(Exercise directions):
Output only the entries, exactly as given, without the pictures.

(Dataset records):
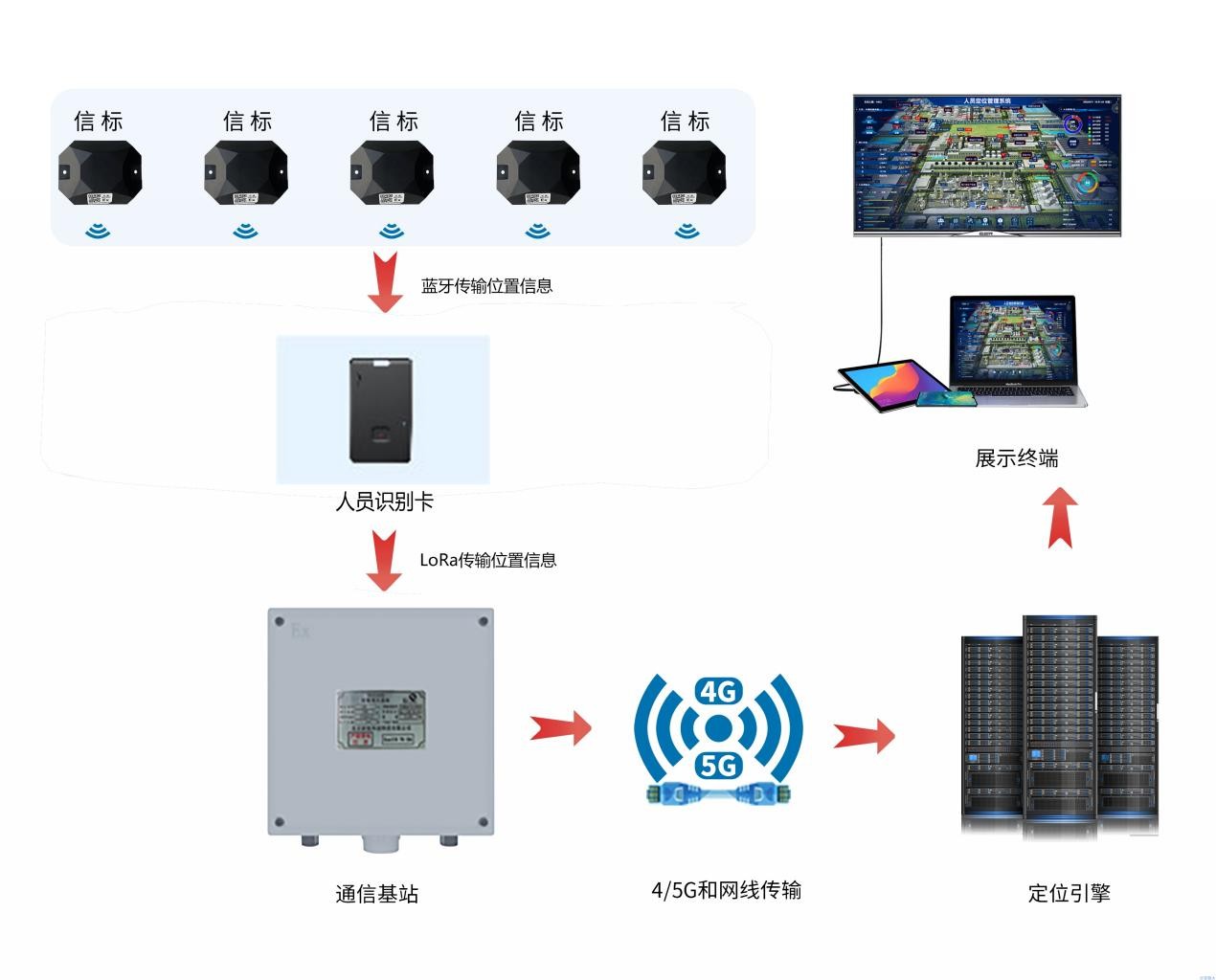 室內(nèi)采用藍(lán)牙+LoRa定位系統(tǒng),該系統(tǒng)由藍(lán)牙信標(biāo)、定位標(biāo)簽、定位基站、定位引擎、展示終端組成。藍(lán)牙信標(biāo)以藍(lán)牙方式周期性發(fā)送帶自身特征碼的廣播信號,為人員定位提供參考位置信息;人員隨身攜帶內(nèi)嵌藍(lán)牙和LoRa通訊模塊的定位標(biāo)簽接收藍(lán)牙信標(biāo)發(fā)送的位置信息,并通過LoRa無線網(wǎng)絡(luò)將數(shù)據(jù)傳輸?shù)交?;基站收集定位?biāo)簽發(fā)送的位置數(shù)據(jù),并將數(shù)據(jù)通過4G/5G或網(wǎng)線傳輸給定位引擎;定位引擎通過定位算法將接收到的位置數(shù)據(jù)解算為具體的地理位置,并與電子地圖引擎進(jìn)行信息處理后,在展示終端展現(xiàn)人員位置。
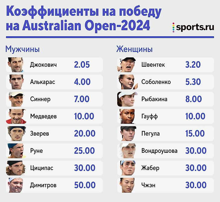 У мужчин победа Новака Джоковича на турнире оценивается в 2.05, Карлоса Алькараса – в 4.00, Янника Синнера – в 7.00, а Даниила Медведева – в 10.00. У женщин также есть своя топ-четверка с коэффициентом до десятки включительно – 3.20 на Игу Швентек, 5.30 – на Арину Соболенко, 8.00 – на Елену Рыбакину, 10.00 – на Кори Гауфф.
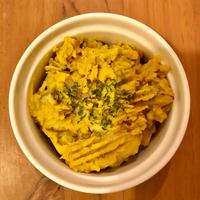 - 4 中火で熱したフライパンに有塩バターをひき、1をしんなりするまで炒めたら、牛乳、(A)を加えかぼちゃをつぶしながら弱火で加熱します。
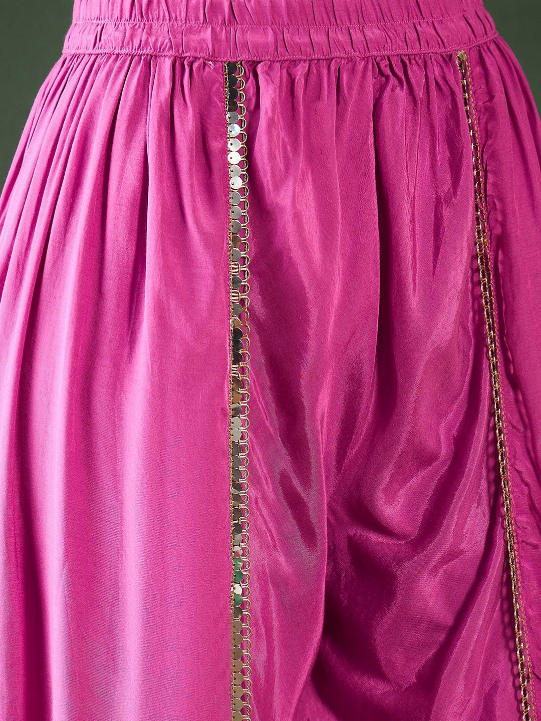 Dhiyona SN Women's Pink Bandhani Printed Gotta Patti Asymmetric Kaftan With Dhoti Pant
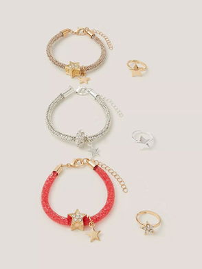 Kids' Bracelet And Ring Jewellery Set, Pack Of 6, Gold

(Problem solution):
 室內(nèi)采用藍(lán)牙+LoRa定位系統(tǒng),該系統(tǒng)由藍(lán)牙信標(biāo)、定位標(biāo)簽、定位基站、定位引擎、展示終端組成。藍(lán)牙信標(biāo)以藍(lán)牙方式周期性發(fā)送帶自身特征碼的廣播信號,為人員定位提供參考位置信息;人員隨身攜帶內(nèi)嵌藍(lán)牙和LoRa通訊模塊的定位標(biāo)簽接收藍(lán)牙信標(biāo)發(fā)送的位置信息,并通過LoRa無線網(wǎng)絡(luò)將數(shù)據(jù)傳輸?shù)交?;基站收集定位?biāo)簽發(fā)送的位置數(shù)據(jù),并將數(shù)據(jù)通過4G/5G或網(wǎng)線傳輸給定位引擎;定位引擎通過定位算法將接收到的位置數(shù)據(jù)解算為具體的地理位置,并與電子地圖引擎進(jìn)行信息處理后,在展示終端展現(xiàn)人員位置。
 У мужчин победа Новака Джоковича на турнире оценивается в 2.05, Карлоса Алькараса – в 4.00, Янника Синнера – в 7.00, а Даниила Медведева – в 10.00. У женщин также есть своя топ-четверка с коэффициентом до десятки включительно – 3.20 на Игу Швентек, 5.30 – на Арину Соболенко, 8.00 – на Елену Рыбакину, 10.00 – на Кори Гауфф.
 - 4 中火で熱したフライパンに有塩バターをひき、1をしんなりするまで炒めたら、牛乳、(A)を加えかぼちゃをつぶしながら弱火で加熱します。
 Dhiyona SN Women's Pink Bandhani Printed Gotta Patti Asymmetric Kaftan With Dhoti Pant
 Kids' Bracelet And Ring Jewellery Set, Pack Of 6, Gold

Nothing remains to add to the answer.